Early accounts of the Croome tapestry room credit the design of the seat furniture to Adam, but recent research suggests that it must have originated at the Gobelins, perhaps by Soufflot. The chairs (58.75.16) and settees (58.75.21), as well as a large pier mirror (58.75.131), were produced in 1769 by the leading London cabinetmakers John Mayhew and William Ince. The mirror frame may well have been designed by Adam, as the goat’s head at the base and mask at the top have close affinities with his style. Below it stood a pier table with a carved and gilt six-legged base (58.75.130a,b), possibly executed at the same time as the mirror frame, topped by a slab of inlaid marble that was produced some ten years earlier by John Wildsmith (active 1757–69). Mayhew and Ince replaced the original base with the present one in 1794. In addition to supplying the top for the pier table, Wildsmith executed in 1760 the chimneypiece with white-marble decorative elements on a ground of orange Veronese marble. The large tablet of lapis lazuli set in the center was provided by the sculptor Joseph Wilton, who specialized in richly ornamented chimneypieces and, in 1764, became Sculptor to His Majesty. One of the specimen squares in the tabletop is also of lapis, suggesting that Coventry was particularly fond of this rare dark blue mineral flecked with brilliant pyrites. By June 1771, all the pieces from the Gobelins had arrived, and Mayhew and Ince sent a crew to hang the tapestries and apply the seat covers, completing work in the room.
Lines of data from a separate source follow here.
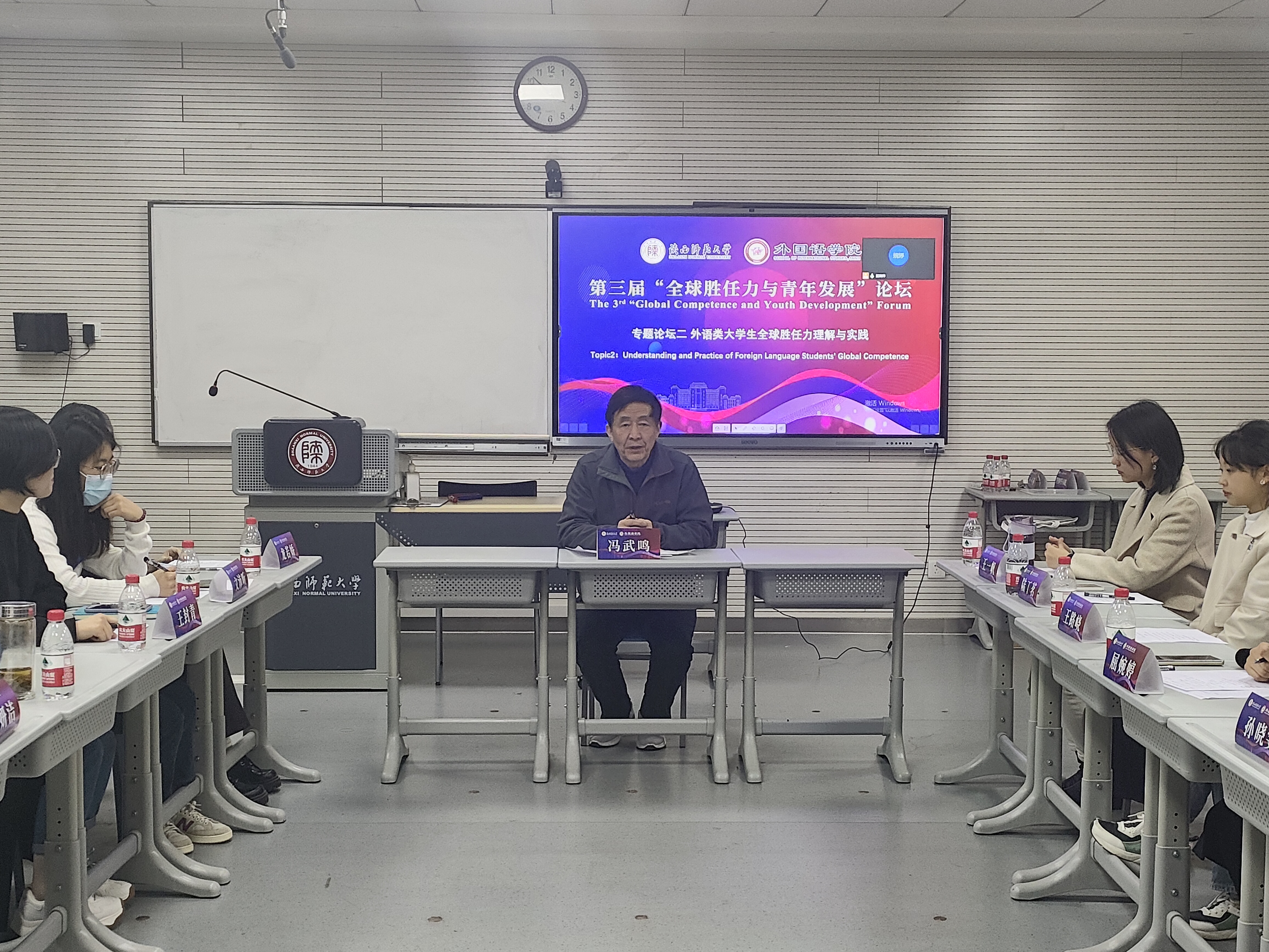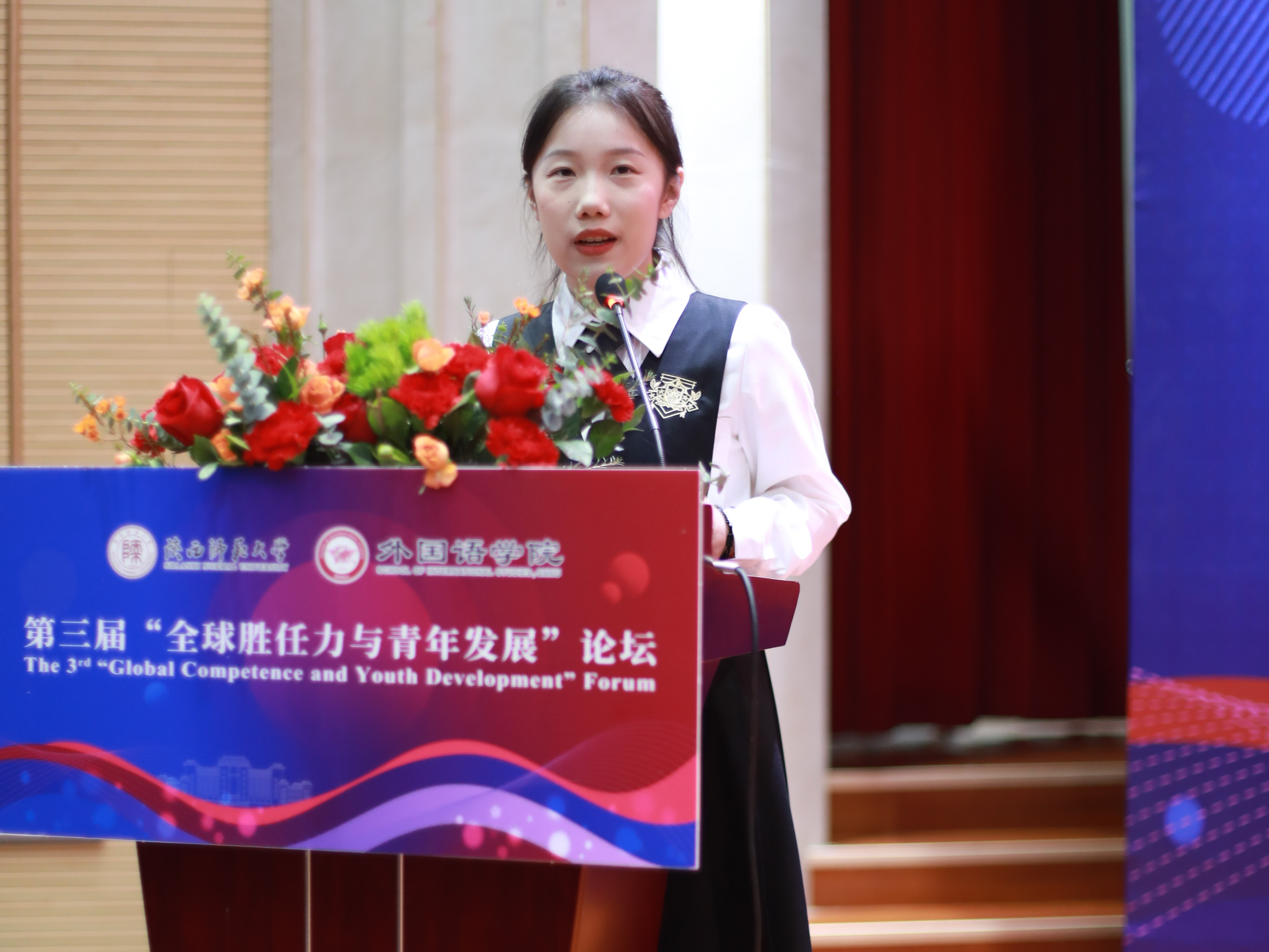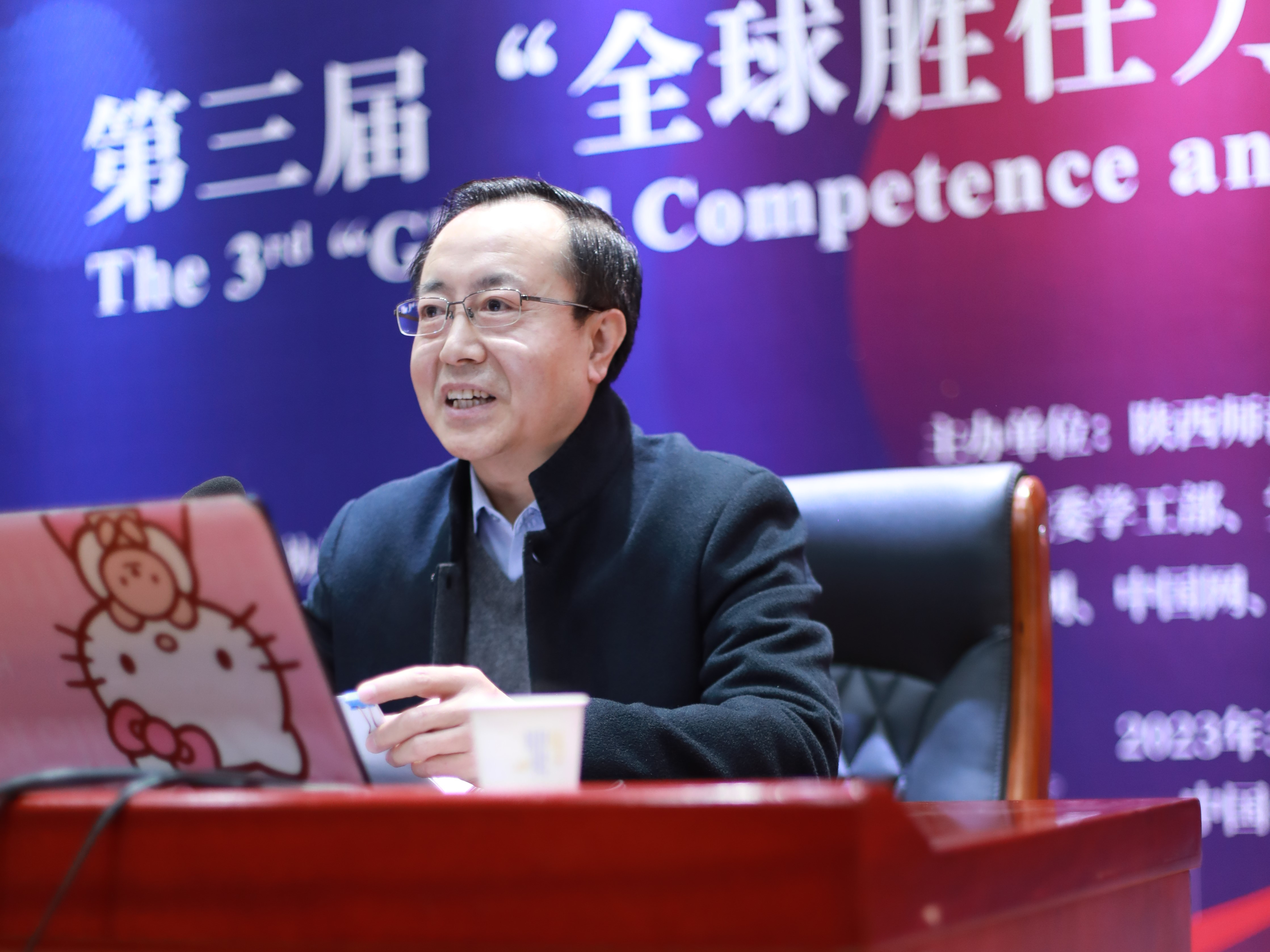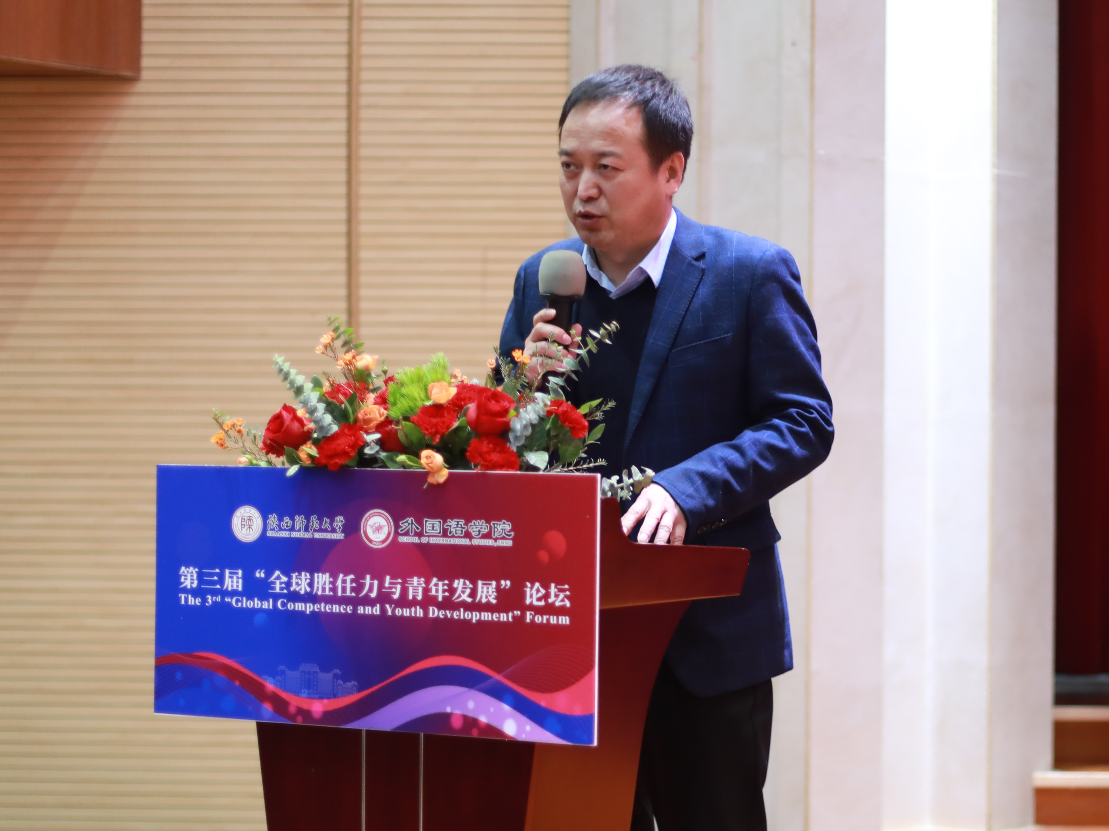 主旨报告阶段,来自不同专业领域的三名专家分别作了主题分享。西安外国语大学副董事长赵国华以“坚定‘四个自信’,助力民族复兴”为题,结合自身在英国大使馆以及丰富的外交和教育外事工作经历,从政治、经济、社会、政府治理与民生、国际关系五个方面介绍了中国之治与西方文化的对比,并对外语青年学子提出了希冀,鼓励大家要树立正确三观,坚定理想信念,把爱国之情、强国之志、报国之行融入民族振兴的伟业中。韦德bevictor官网教育学部教授刘骥以“教育的时代特征与时间张力:全球胜任力的视角”为题,通过剖析当代国际组织对“全球胜任力”的认识和探索,提出“教育如何应对新挑战”已经成为不可回避的时代之问,他强调教育的时代性发展源于教育的时间性智慧积累。秦创原(国际)路演中心董事长张国宁以“全球胜任力与青年韧性”为主题,通过国际社会中一系列生动的事例,说明了AI技术大跃迁背景下韧性培养与青年发展之间的关系,指出韧性是成功之源,生存之本,鼓励当代青年要善于穿透“迷雾”,奔赴繁星。
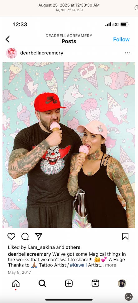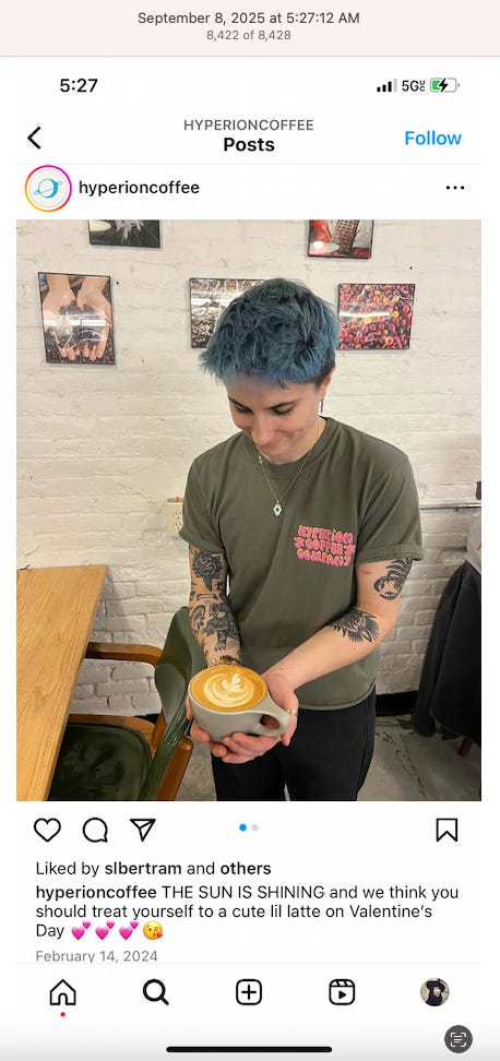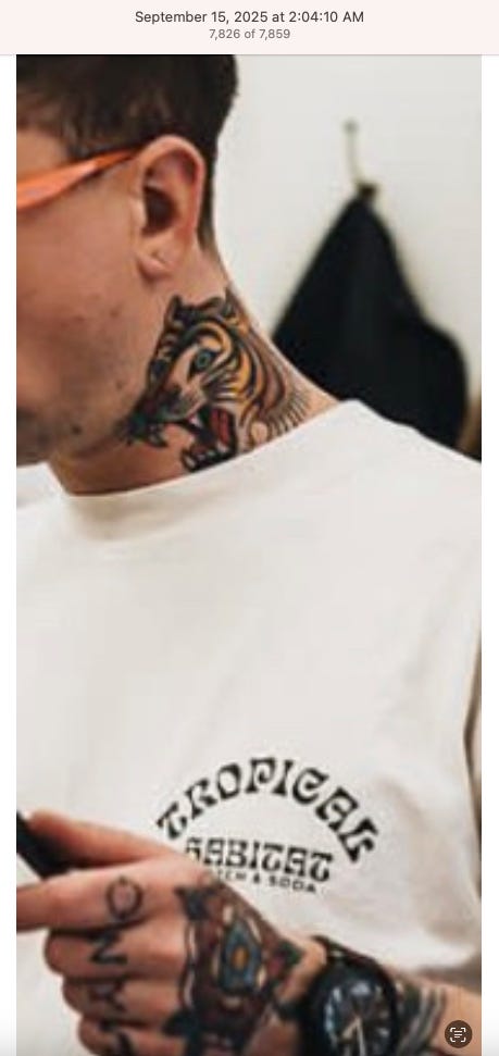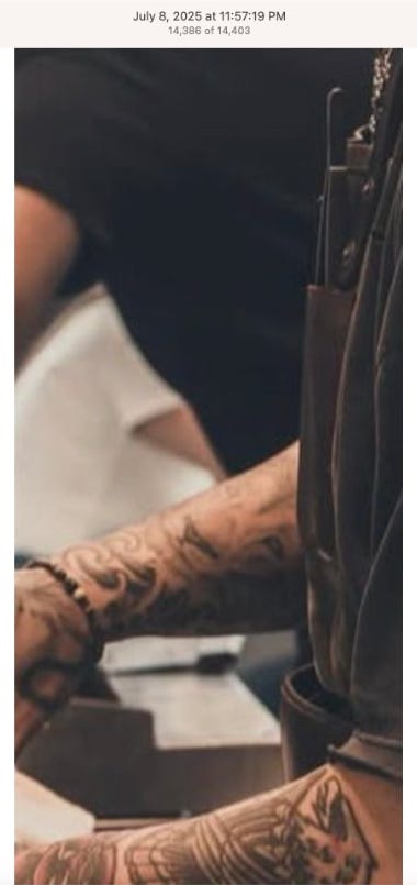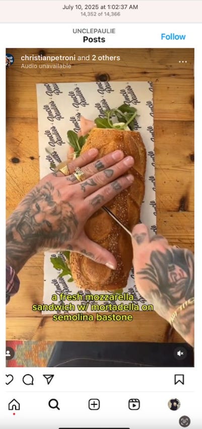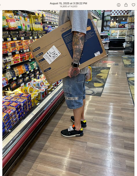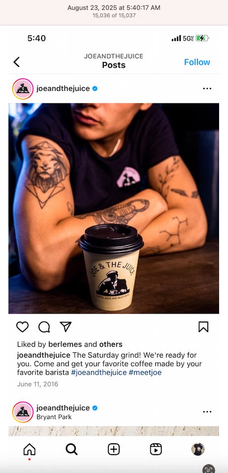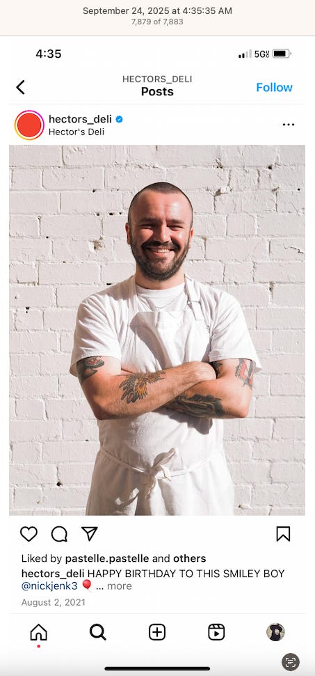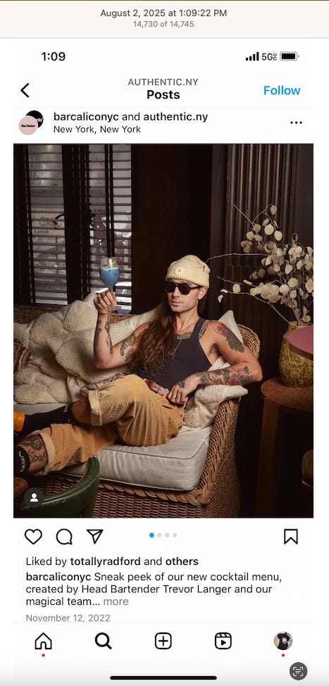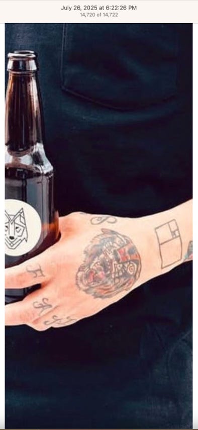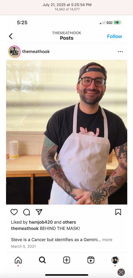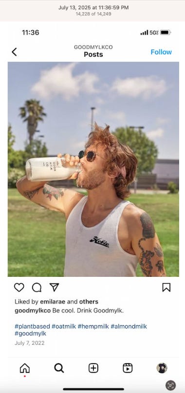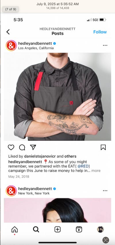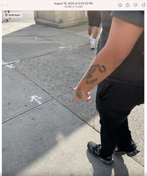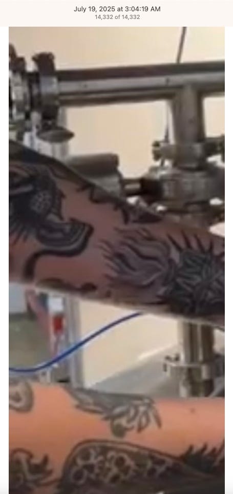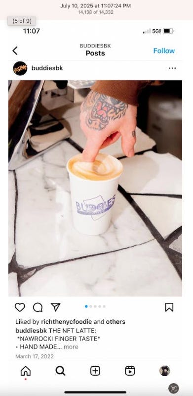 Screenshots above: Good Mylk Co. One of the two crypto guys indicted on kidnapping and torturing an Italian associate for his password to $30M worth of bitcoin in May 2025. Morning train ride on 07-22-25. Bachans: If you look closely, you can make out a front leg of a tiger. Ceremonia Bakeshop. Immoral. Hedley & Bennet. Astoria NY.
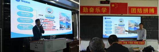 其次,学院领导、老师向各中学领导、年级主任和毕业班班主任进行了详细的招生宣讲,将学校的招生情况、政策及优势向各中学老师传达,同时,也了解各中学毕业班级情况。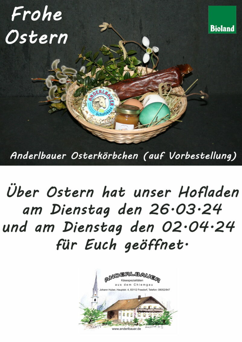 Für die Zeit über Ostern bietet der auf Vorbestellung Osterkörbchen aus seinem Direktvermarktungssortiment an. Der Hofladen hat vor Ostern am Dienstag, 26. März und nach Ostern am Dienstag, 2. April geöffnet.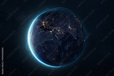 Digital connections around the world — planet Earth at night with glowing network lines representing global communication, data transfer, and worldwide internet connectivity in space.

Nine sets of medallion tapestries, known at the Gobelins as the Tentures de Boucher, were woven before the Revolution, with variations in iconography, design, and ground color (58.75.3); five of them went to England. The practice there of covering large areas of wall with tapestry, in conjunction with the taste for things French during the second half of the eighteenth century, may explain why Gobelins tapestry rooms became fashionable. Less explainable is the fact that they did not become fashionable in France.

The Croome Court tapestries have survived in good condition because the room, when not in use, was protected from the light by “paper case hangings” and later by those of chamois. Through the visits of George III, Queen Victoria, and many others, it remained the favorite room at Croome until about 1902, when the tapestries and the seat furniture were sold by the ninth earl of Coventry to a dealer in Paris. The Samuel H. Kress Foundation acquired the ceiling, carved chair rails and door surrounds, mahogany doors, chimneypiece, and floors in 1949 and gave them to the Museum in 1958. Through the Kress Foundation, the following year the Museum acquired the chair and sofa frames, which have been re-covered with their original tapestry seats, backs, and armrests.